Hey guys, so I ran a SD cycle about 3 weeks ago at 10/20/30 mg per day for 3 weeks. I took all the support supplements recommended and had nolva and clomid on hand for PCT along with some tribulus and a 60x0 clone. Now for the first week of PCT my sex drive was non existing. This was really freaking me out, so I changed to taking clomid only b/c I had read about libido issues from nolvadex. Now it might have been placebo, but I thought I felt my sex drive coming back, but now I am almost finished with my 3 weeks of clomid and I feel like its really low again .  This crap is starting to frustrate me in bed and make me wish I had never touched superdrol. Getting it up is more difficult and finishing during sex seems to be an uphill battle.  Does anyone have experience with these symptoms? How long will this last and what can I do about it?

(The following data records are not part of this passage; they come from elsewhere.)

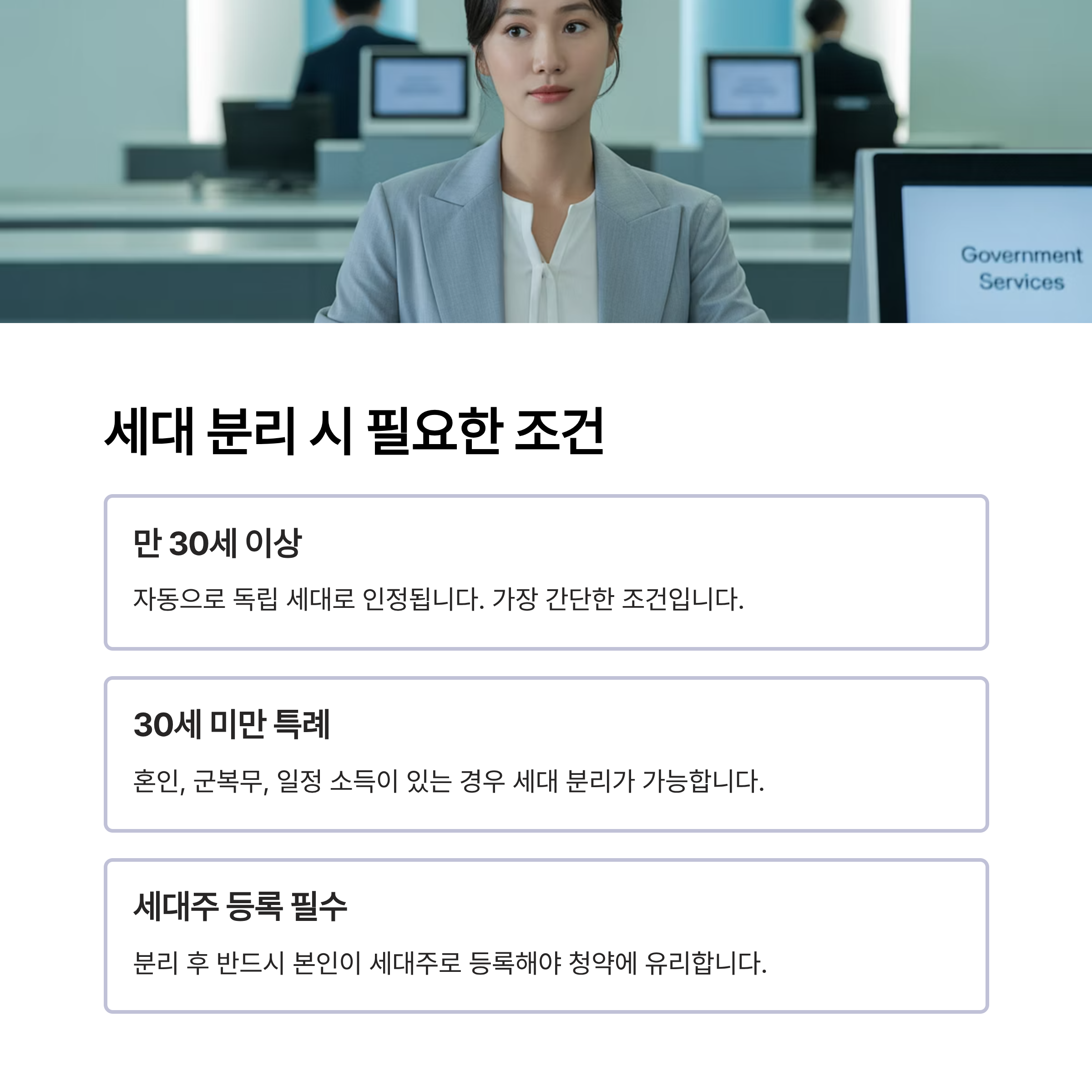 만 30세 이상이면 자동으로 독립 세대로 인정됩니다. 30세 미만이라도 혼인, 군복무, 일정 소득이 있는 경우 세대 분리가 가능합니다. 이때 반드시 본인이 세대주로 등록해야 청약에 유리합니다.
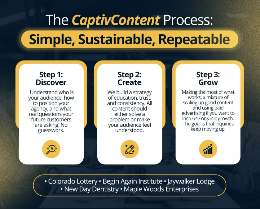 Denver-based, full-service content marketing agency CaptivContent specializes in not just producing content, but building content systems that help the right people find you, understand you, and trust you enough to take action.
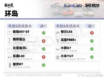 上海五角场环岛设有红绿灯,地面标线相对复杂,车流量也比较大。 这里考验车辆在弯道中的多车动态博弈、红绿灯识别能力以及路口通行能力。 城区领航刚上车的时候,基本无法在环岛使用,而现在绝大部分品牌都可以成熟应对。 这次测试的9车中,有6车可以通过。 智己LS6和魏牌蓝山稍微有些可惜,这两台车支持环岛通行,但是进入环岛以后路径规划出了一些问题,错过了出口。 只有乐道L60是在进入环岛之前降级,系统显示领航功能不支持这种路况。
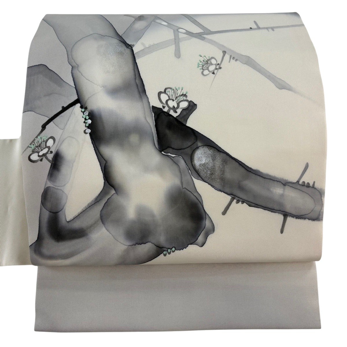 【美品】 名古屋帯 秀品 桜 雪輪 唐織 灰色 正絹

I am telling myself that I probably need a month or so to bounce back completely. Anyone think this may be the case?


----------



## superted (Aug 18, 2010)

yes you will be fine it varies case by case

get yourself some sustain alpha

that shit will help ur libido and is always part of my PCT that and a natty test booster, i like Activate X Treme


----------



## MDR (Aug 18, 2010)

rgprestige15 said:


> Hey guys, so I ran a SD cycle about 3 weeks ago at 10/20/30 mg per day for 3 weeks. I took all the support supplements recommended and had nolva and clomid on hand for PCT along with some tribulus and a 60x0 clone. Now for the first week of PCT my sex drive was non existing. This was really freaking me out, so I changed to taking clomid only b/c I had read about libido issues from nolvadex. Now it might have been placebo, but I thought I felt my sex drive coming back, but now I am almost finished with my 3 weeks of clomid and I feel like its really low again .  This crap is starting to frustrate me in bed and make me wish I had never touched superdrol. Getting it up is more difficult and finishing during sex seems to be an uphill battle.  Does anyone have experience with these symptoms? How long will this last and what can I do about it?
> 
> I am telling myself that I probably need a month or so to bounce back completely. Anyone think this may be the case?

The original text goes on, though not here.